[DRBD-user] High iowait on primary DRBD node with large sustained writes and replication enabled to secondary

Thu Jan 10 21:28:57 CET 2013

Sebastian,
Thank you for your analysis.

I will use tcpdump to follow the network traffic during replication between the nodes and see if I can work out whether it is the network causing the latency.

At this stage given these servers are in production I am limited to what I can change.

At least I have a workaround.  I know that during restores I can disconnect the resource where the restore is writing to and then reconnect it after the restore is complete and then let syncer do its work.

This will keep the iowait low and will not interrupt the virtual machines on that resource.

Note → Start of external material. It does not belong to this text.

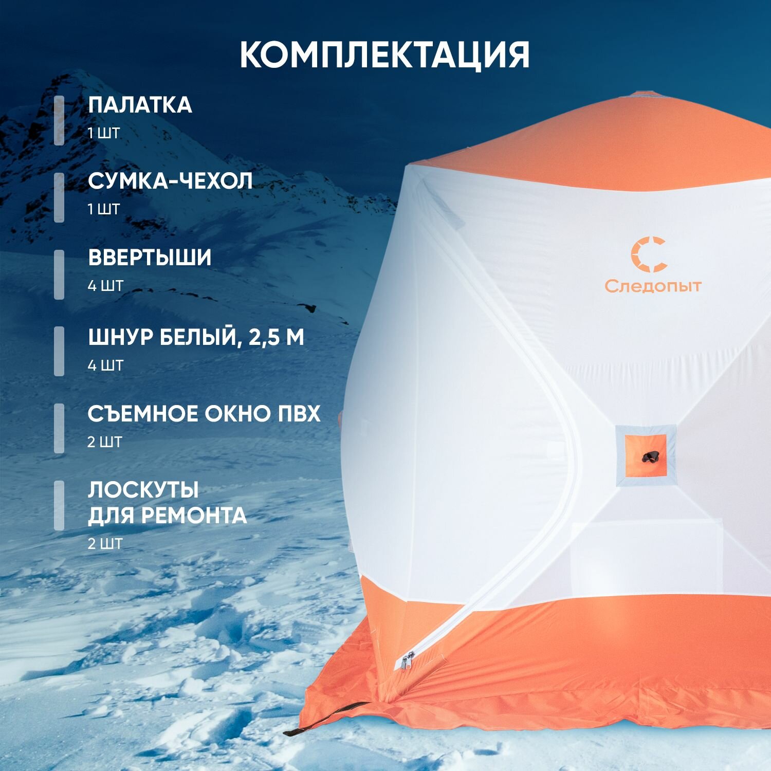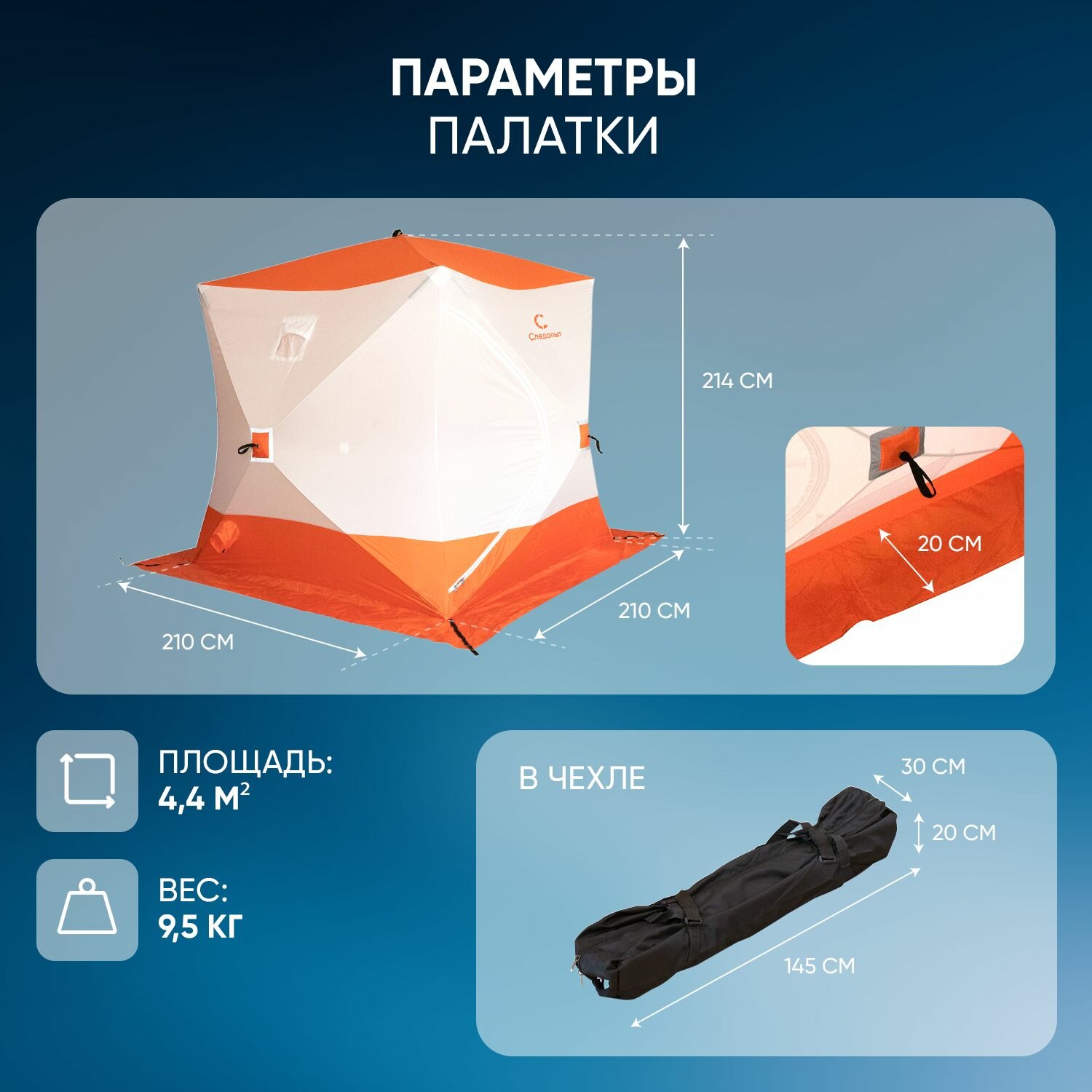 Следопыт Палатка зимняя куб "следопыт", 2.1 х 2.1 м, 4-местная, ткань оксфорд, цвет бело-оранжевый

I would like to know the root cause(s) of the latency so I will keep chipping away at it.

Regards

Paul

> -----Original Message-----
> From: Sebastian Riemer [mailto:sebastian.riemer at profitbricks.com]
> Sent: Wednesday, 9 January 2013 9:35 PM
> To: Paul Freeman
> Cc: drbd-user at lists.linbit.com
> Subject: Re: [DRBD-user] High iowait on primary DRBD node with large
> sustained writes and replication enabled to secondary
> 
> On 09.01.2013 04:51, Paul Freeman wrote:
> ...
> > Analysis:
> > 1. In both connected and disconnected cases, the write sizes used by
> DRBD are 128KiB so I think this is OK.  At least they are not 4KiB which
> would indicate the IO problem you mention.
> >
> > 2. In the connected case there is a significant delay after the last IO
> completion action (C) before the next dd IO occurs.  ie 0.007686071
> seconds for connected vs 0.000184373 seconds for disconnected.
> > This behaviour is reproducible and is seen after every sequence of IO
> completion actions for the entire running of dd.
> >
> > From my understanding of the blktrace data, the IO completion action
> occurs every 1MB.
> >
> > My hunch is this delay is caused by network latency ie. transferring the
> data to the network layer and then across to the secondary DRBD node via
> the bonded interface.  Also, given Protocol C is being used, I understand
> IO blocking occurs until the data is actually written to disc (or
> controller BBU cache) so perhaps the secondary is responsible in this
> case?
> 
> Yes, that's all correct. Now, you can be sure that there is a latency
> issue.
> 
> > If my analysis is correct then DRBD is not responsible for the delays.
> 
> Perhaps, perhaps it is. It depends on what DRBD is doing in the
> make_request kernel function (which DRBD features are activated, etc.).
> This is the time/latency critical path.
> 
> > Does this sound sensible and reasonable?  If so, how can I confirm this
> is the case?  Is there a tool like blktrace for use on network IO?
> 
> Hmm, tcpdump could help. You'll get a time stamp for the outgoing
> packets and the incoming completions. Included is the latency of DRBD
> and the storage on the receiver side. But at least you don't see the
> latency of DRBD on the sender side. So with that you could see if there
> is a bigger issue before the network layer.
> 
> You could also try ping and iSCSI in order to collect some latency
> information of the connection to the other node. Modern NICs all use
> offloading features. These could be performance relevant. You can see
> the offloading stuff with "ethtool -k ethX".
> 
> The TCP/IP stack has also a bigger latency impact. But remember: You've
> got the transfer latency twice as data travels to the other node and
> completions come back. Before until the completions are received the
> network is idle. This time can be used for further parallel connections.
> 
> The iSCSI connection would have the same behavior but with a low-latency
> make_request function.
> But as you use iSCSI anyways to connect to the primary remember that you
> have TWO CHAINED network paths for storage writes here and only a single
> one for reads.
> 
> I guess, this is the biggest latency issue here and tells you NOT TO USE
> DRBD AT ALL!
> 
> Try this one: Use iSCSI for both storage servers, put MD RAID-1 above.
> Activate the write-intent bitmap so that connection loss doesn't result
> in full resync. MD RAID-1 has an intelligent read-balancing. So this is
> like Primary-Primary here and you have TWO PARALLEL network paths here
> with the same latency each!
> 
> Cheers,
> Sebastian